## Exercise
Write down the lines exactly as they appear, from the one that contains "执行:gacutil /i ComToPython.dll 添加dll至全局缓存" through the final line of the records, so that both ends are kept and no pictures come along.

## Stored data entries
******
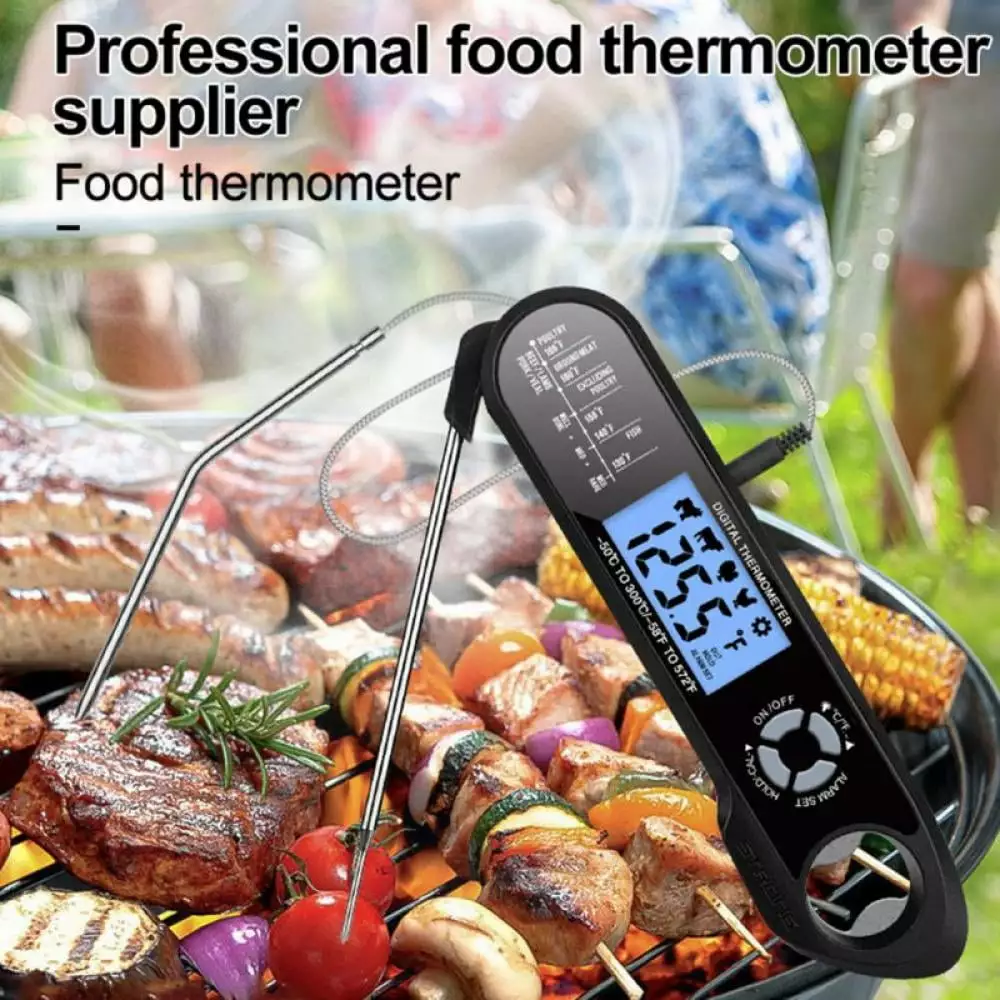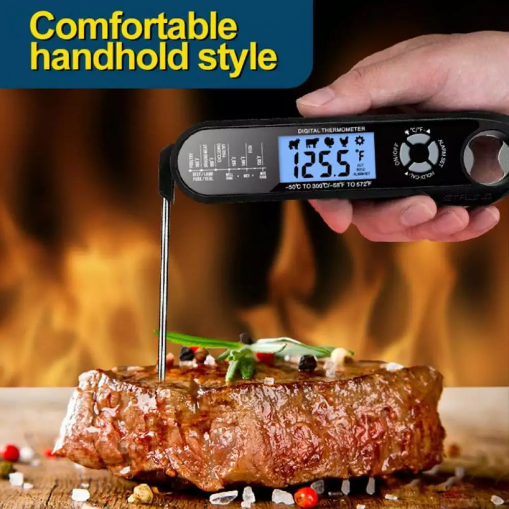 - [POWERFUL FUNCTIONALITY]Switch easily between and H. and the large and bright LCD display with backlight makes it very easy to read the temperature while cooking outdoors on sunny days or at night. Easy to calibrate. comes beautifully packaged in a premium foam lined box. making it an ideal present for any cooking or bbq enthusiast.Also includes 1 extra CR 2450 battery. bonus a meat temperature chart that allows you to effortlessly cook mouthwatering meals
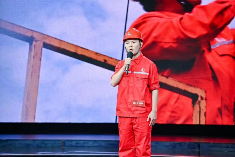 决赛现场高手过招,第17号选手实力强劲,评委打出现场最高分的情况下,第18号上场的甘俊锐顶住压力,身着石油工人工作服,迈着坚实有力的步伐走上舞台。他以《礼物》为题,从主人公“徒弟”的视角,深情讲述了全国劳动模范、江苏时代楷模田明38年如一日,扎根基层、创新钻研,舍小家为大家的感人故事,展现了新时代石油工人的精神风貌。独特的视角、精彩的讲述、动人的演绎、稳健的台风,给评委老师留下了深刻的印象,赢得现场观众阵阵掌声,最终逆风翻盘,荣获“金牌讲解员”称号。在点评环节,甘俊锐新颖独特的表现方式、真情实意的情感流露受到评委多次点名表扬。
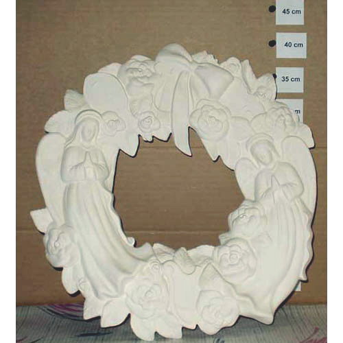 Réf. 14-052 grands anges, couronne murale, diam. 40 x l 7 ; biscuit de faïence fine (céramique brute à peindre ou à émailler)
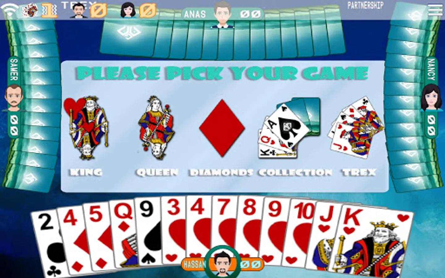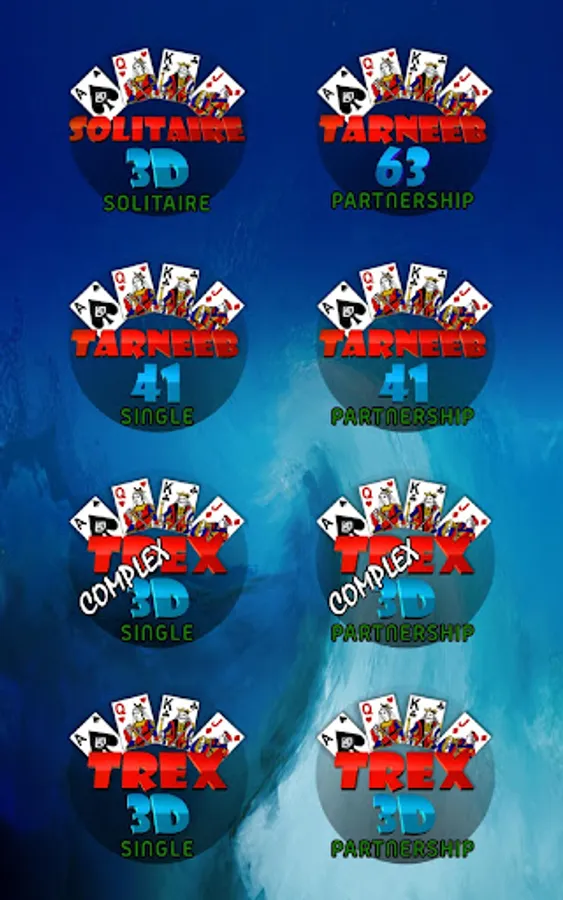 A group of paper professional games within one game, a Solitaire - Tarneeb 41 - 41 Tarneeb partnership - partnership Tarneeb 63 - Trix - Trix partnership - Trix Complex
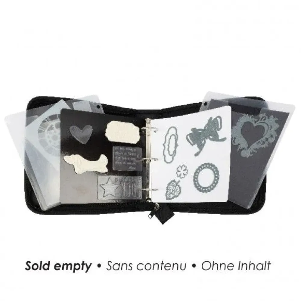 In deze hippe map berg je snel en eenvoudig je clearstamps, rubber stempels, stansmallen (dies) en embossing folders op. De map is voorzien van een ringband en een ritssluiting. Het handige handvat zorgt ervoor dat je de map gemakkelijk mee neemt. In de map is er minimaal plek voor 8 insteekhoezen of magneetvellen. Te gebruiken in combinatie met magneetvellen, magneetvellen in insteekhoezen, doorzichtige insteekhoezen en stempel opbergvellen.
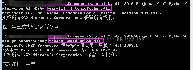 执行:gacutil /i ComToPython.dll 添加dll至全局缓存
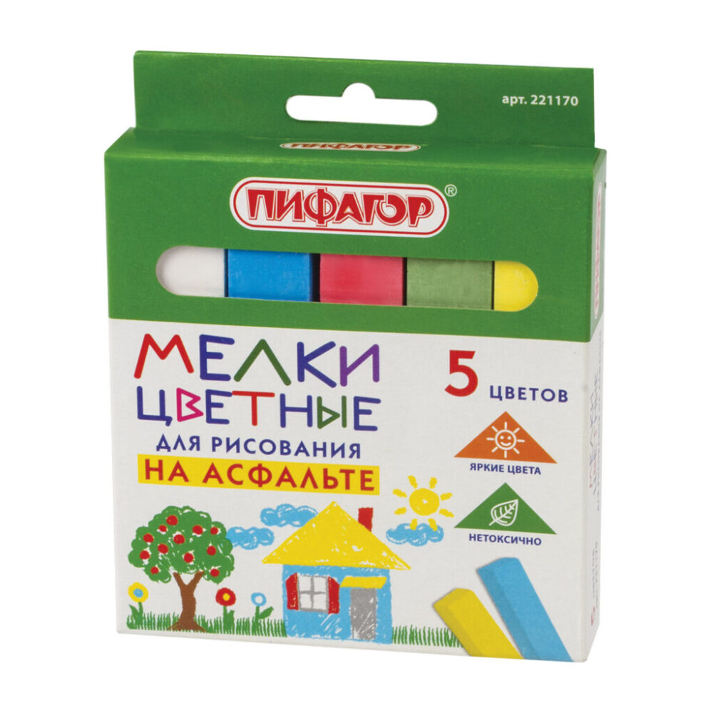 Мел для рисования на асфальте 5шт цветной квадратный, ПИФАГОР,картонная упаковка, европодвес (арт. С221170)
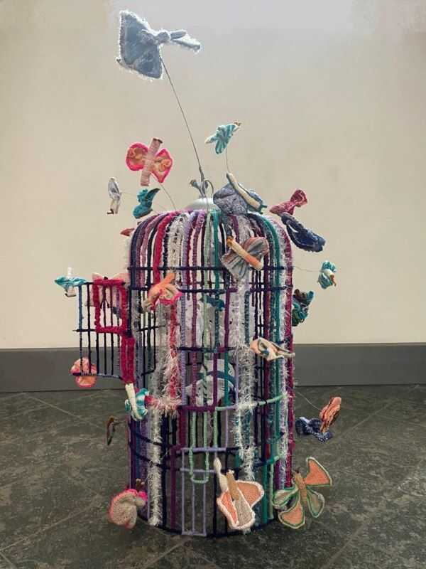 Material: metal, wire, wool (crocheted), from the series: "Butterflies cannot be caged".
******
## Response to the exercise
 执行:gacutil /i ComToPython.dll 添加dll至全局缓存
 Мел для рисования на асфальте 5шт цветной квадратный, ПИФАГОР,картонная упаковка, европодвес (арт. С221170)
 Material: metal, wire, wool (crocheted), from the series: "Butterflies cannot be caged".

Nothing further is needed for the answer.